IMF WARNS COVID COMPLACENCY POSES RISK TO GLOBAL FINANCIAL SECURITY — WSJ’s Andrew Ackerman: “Expectations for an economic recovery and continued government aid are fueling overconfidence among investors, the International Monetary Fund said Wednesday, raising the risk of a sudden drop in asset prices that could threaten financial stability.

“‘With investors betting on persistent policy backstop, a sense of complacency appears to be permeating markets,’ Tobias Adrian, head of the Monetary and Capital Markets Department, and his deputy, Fabio Natalucci, wrote in a blog post. ‘Coupled with apparent uniform investor views, this raises the risk of a market correction or repricing.’”

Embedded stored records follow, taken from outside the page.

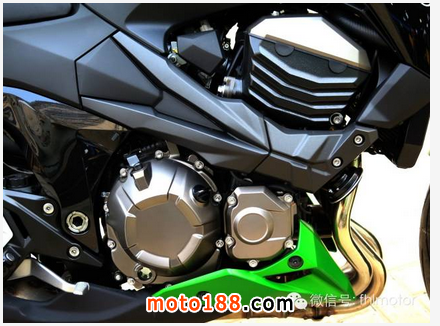 Z800擁有一顆806cc排量的直列四缸引擎,這顆引擎源自與Z750,經過升級的引擎,最大馬力達到113hp,最大扭力83Nm,使得Z800無論跑街還是山道,都能得心應手,加之直列四缸引擎平順的優點,動力隨叫隨到!
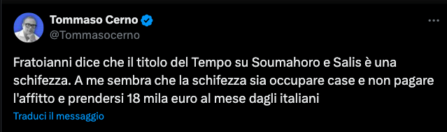A Fratoianni e a coloro che la pensano come lui, vogliamo garantire che noi – come quei cittadini di Monza che hanno esposto un cartello contro Salis – siamo consapevoli di aver toccato un nervo scoperto. Non ci facciamo intimidire dagli attacchi politici ai giornali. La nostra copertina, che lei ha definito una “schifezza”, rappresenta per milioni di italiani un Paese in cui una deputata con precedenti penali intasca 18mila euro netti al mese e si vanta di non pagare l’affitto della casa che ha occupato. In un Paese dove i salari sono bassi e le persone faticano ad arrivare a fine mese, questo è inaccettabile.
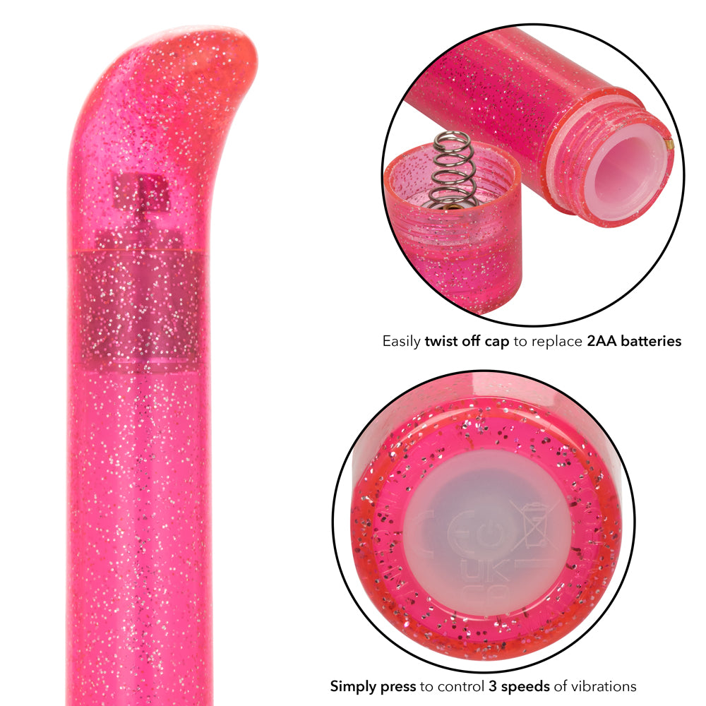 Ready to explore internal pleasure? The 3-Speed Waterproof Slim G-Vibe from CalExotics'® Sparkle™ collection is sure to hit the spot!
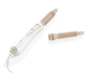kulmofén horkovzdušný • příkon 400 W • 2 tvarovací kartáče (malý - průměr 16 mm, velký - průměr 19 mm) • 2 teplotní nastavení • 2 rychlostní nastavení • studený vzduch • ochrana proti přehřátí • otočný kabel 1,8 m • poutko na zavěšení • barva bílá
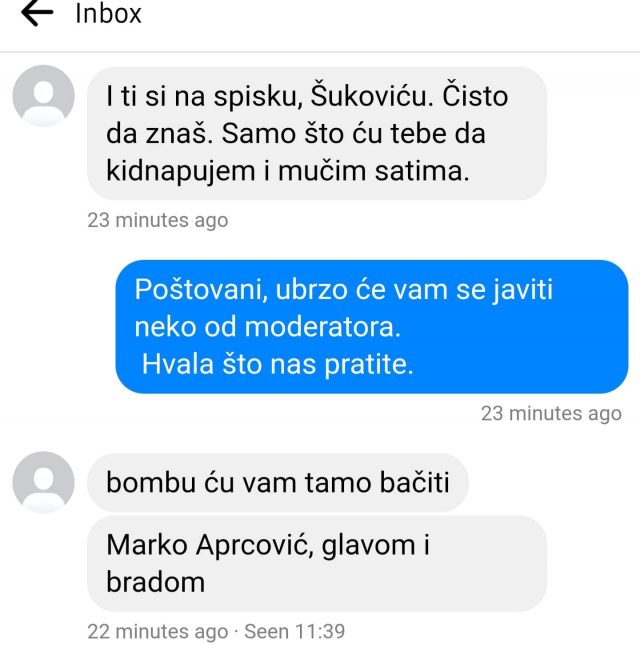 “I ti si na spisku Šukoviu. Čisto da znaš. Samo ću tebe da kidnapujem i mučim satima. Bombu ću vam tamo bačiti. Marko Aprcović, glavom i bradom”, napisao je Aprcović u poruci koju je poslao zvaničnoj Facebook stranici Antene M.
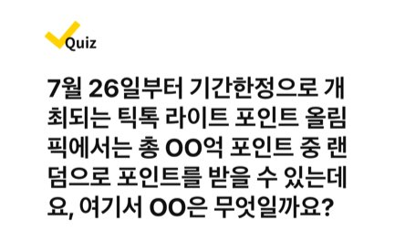 ✅ 7월 26일부터 기간한정으로 개최되는 틱톡 라이트 포인트 올림픽에서는 총 OO억 포인트 중 랜덤으로 포인트를 받을 수 있는데요, 여기서 OO은 무엇일까요?
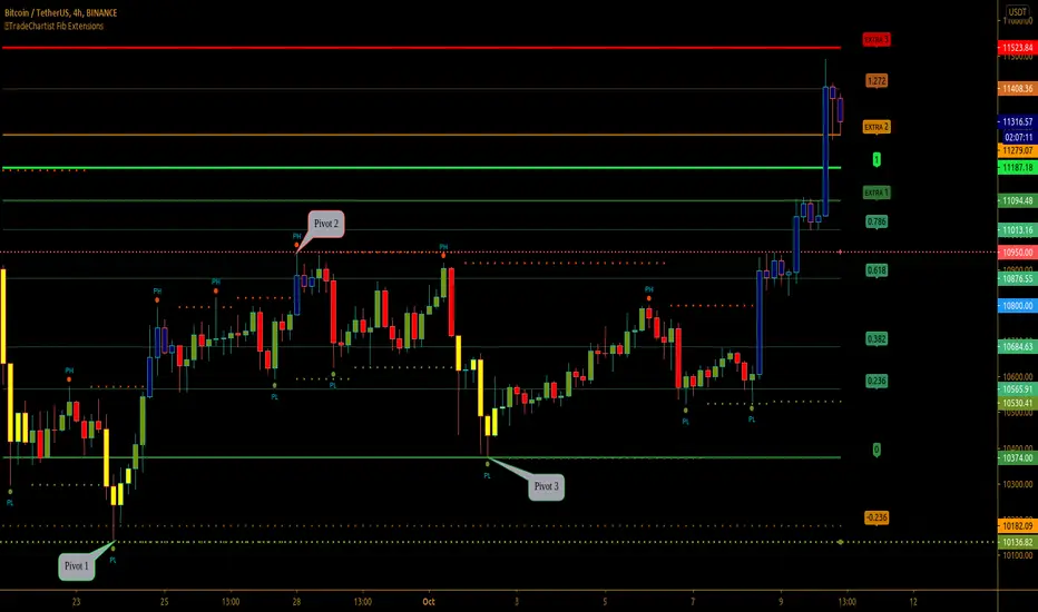 ™TradeChartist Fib Extensions is a free to use script that helps traders plot Fibonacci Extensions on chart. Even though Trading View has a Fib extensions tool, some traders may prefer a plotting script like this with Fib plot lines extending across the whole of the chart to track historic prices in relation to Fib extensions drawn.
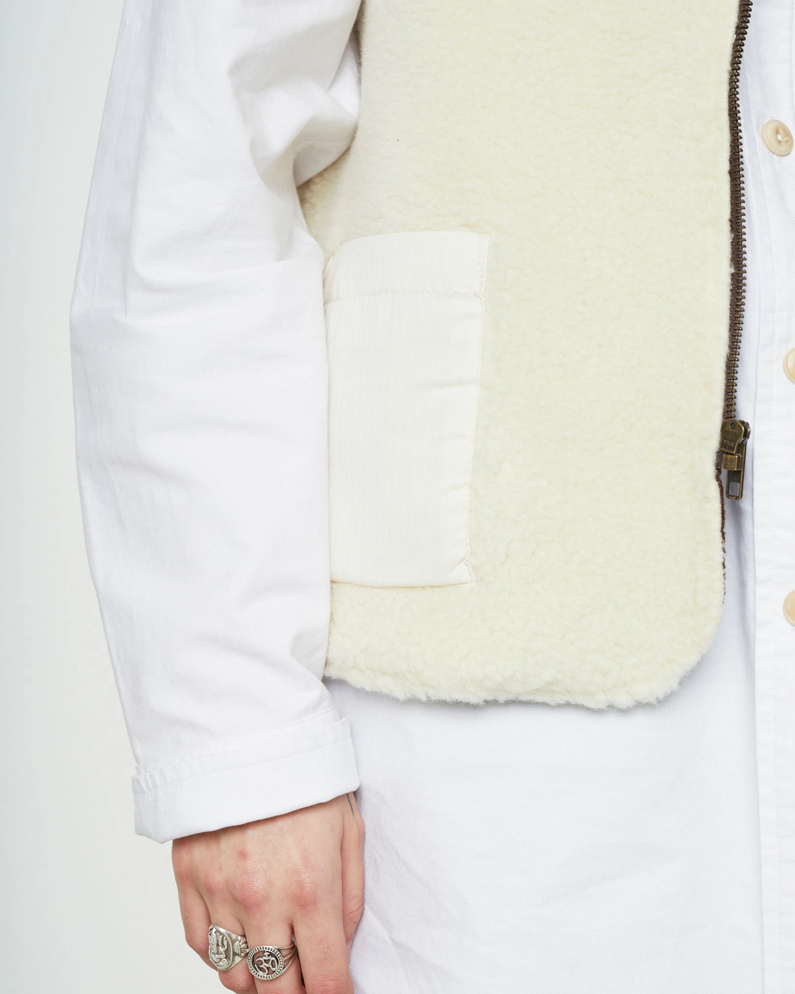 The perfect extra layer? You’ve found it. This reversible sleeveless vest was designed to fit perfectly in all types of outfits. As an extra layer underneath your winter attire, or on top of whatever you can think of. Exclusive Japanese velvet bandana on one side, off white faux fur on the other!
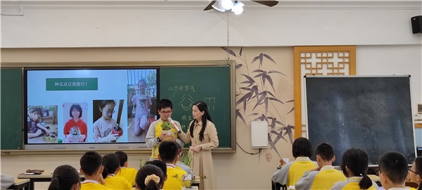 隨后,曾青竹老師在文學(xué)社展示一節(jié)傳統(tǒng)文化課例——《谷雨》。曾老師采用小組學(xué)習(xí)的方式,引導(dǎo)學(xué)生課前搜集與谷雨節(jié)氣有關(guān)的知識(shí):節(jié)氣起源、節(jié)氣特點(diǎn)、節(jié)氣風(fēng)俗、與節(jié)氣有關(guān)的詩(shī)歌等,并種植適合這個(gè)季節(jié)生長(zhǎng)的植物。放眼教室,一盆盆綠植映入眼簾,孩子們興趣盎然地分享自己收集到的資料以及種植的體驗(yàn),在生動(dòng)活潑的課堂氛圍中,孩子們逐漸加深對(duì)谷雨節(jié)氣的理解。接著,曾老師給孩子拓展學(xué)習(xí)了一些和谷雨有關(guān)的詩(shī)歌,并帶領(lǐng)孩子學(xué)習(xí)吟唱,讓孩子們對(duì)谷雨節(jié)氣有了更深入的了解,收到了很好的教學(xué)效果,得到了專家組的充分肯定。
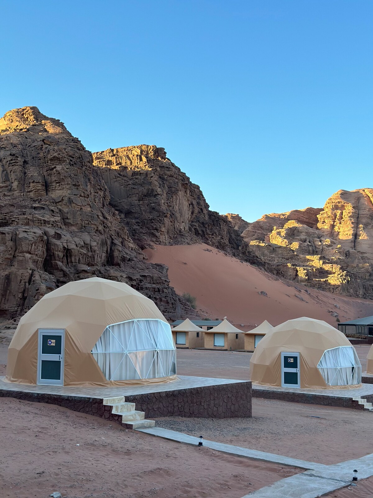 Sumérgete en una experiencia desértica inolvidable sin renunciar a la comodidad de tu hogar. Sun City invita a los huéspedes al corazón del magnífico paisaje desértico, ofreciendo una forma única y lujosa de acampar. Esta cúpula viene con su propio baño privado, aire acondicionado y terraza. También ofrecemos desayuno y cena estilo buffet incluidos en la tarifa por noche. Hay una cama supletoria disponible para solicitarlo.

FED LEAVES INTEREST RATES NEAR ZERO — NYT’s Jeanna Smialek: “Federal Reserve officials left interest rates near-zero and pledged to continue making huge purchases of government-backed bonds as the central bank tries to help the United States economy weather the pandemic’s ongoing hit.

“‘The pace of the recovery in economic activity and employment has moderated in recent months, with weakness concentrated in the sectors most adversely affected by the pandemic,’ the central bank’s policy-setting Federal Open Market Committee said in its January policy statement.” And here’s the full text of the Fed’s statement.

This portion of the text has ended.